Прощай, гармонь! - [7]
— Вот хотя бы ты, Яшка. Кто ты и что ты? Так себе, существо. И чтобы выбиться из этого ранга, ты уже два года морочишь себе голову всякой чепухой… Я же тебя насквозь вижу. Дай тебе место механика на теплоходе, и ты на всю науку наплюешь.
Я молчал. Я не стал объяснять Гошке, что никогда не брошу учебу, потому что мореходное училище — моя мечта. Гошка сильный механик, но когда я кончу мореходку — буду сильнее его.
А он продолжал:
— Самое главное — пока молод, не суй шею в хомут. Не бери примера с меня, дурака. Надел я себе, Яша, кандалы, плакать хочется. Теперь она мне наследника обещает. — Гошка грязно выругался. — А зачем мне наследник? Я не миллионер, мне завещать нечего. Если бы я всех наследников на побережье собрал, то северных надбавок на алименты не хватило бы.
Вот оно что! Клава, Клава… Почему ты не осталась с нами? Пусть не со мной — с Иваном. Мы не такие уж мальчики, мы все поднимаем, Клава.
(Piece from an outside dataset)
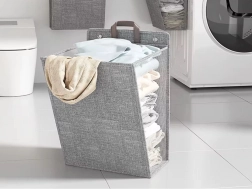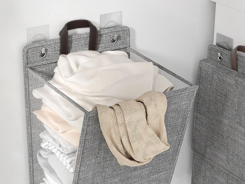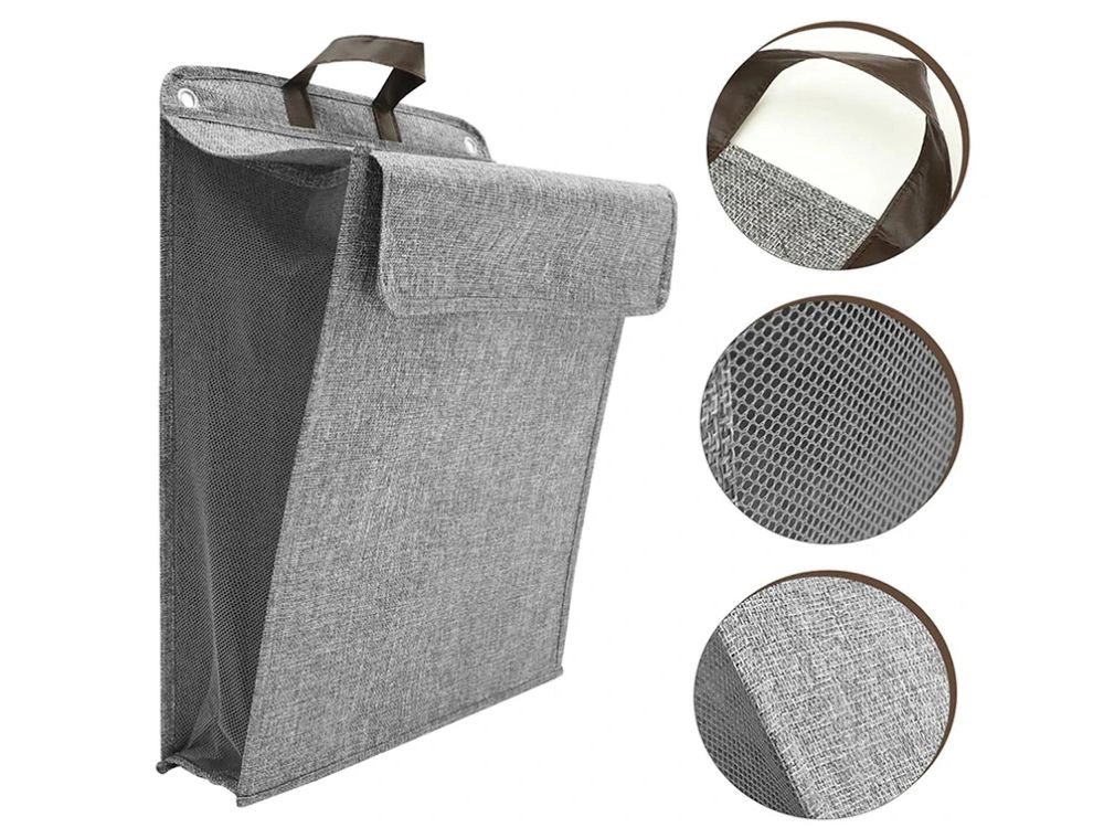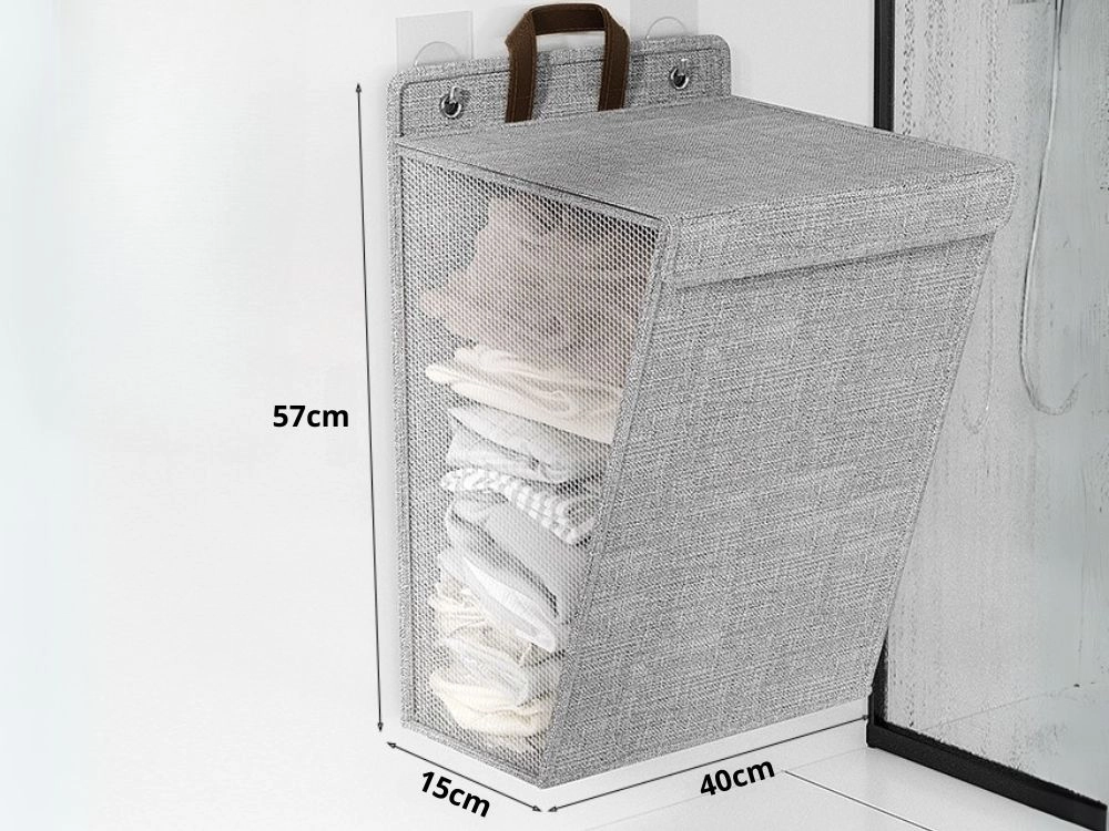 Der elegante graue Wäschekorb ist für kleine Bäder, Ankleiden und Waschküchen konzipiert. Durch das Aufhängen an Wand oder Tür wird der Raum effizient genutzt, während die verstärkten Seiten selbst bei voller Belastung die Form halten. Das atmungsaktive Netz fördert die Luftzirkulation, sodass die Wäsche nicht muffig wird.

Почему ты не с нами, а с этим?..
— Слышь, Яша, предложение деловое есть, — дышал на меня перегаром рыжий Гошка. — Я ведь чую, она на меня телегу катит, под регистрацию подвести хочет… Давай так: услуга за услугу, как подобает честным морякам. Я тебя помощником устрою, хочешь?
— А Иван?
— Салага ты беспонятливая, Яшенька. Иван механиком будет. У него диплом.
— Тогда выходит тебе работы нет?
— Мне? — Ха-ха, — раскатился Гошка. — Меня, брат, хошь на Диксоне, хошь где встретят по-пански. Только мне эти, как у нас в газетах пишут, шумные перекрестки арктических морей не по душе. Я поспокойнее ищу места. Вот по рации с одним кирюхой перемигнулся: на Быков мыс зовет…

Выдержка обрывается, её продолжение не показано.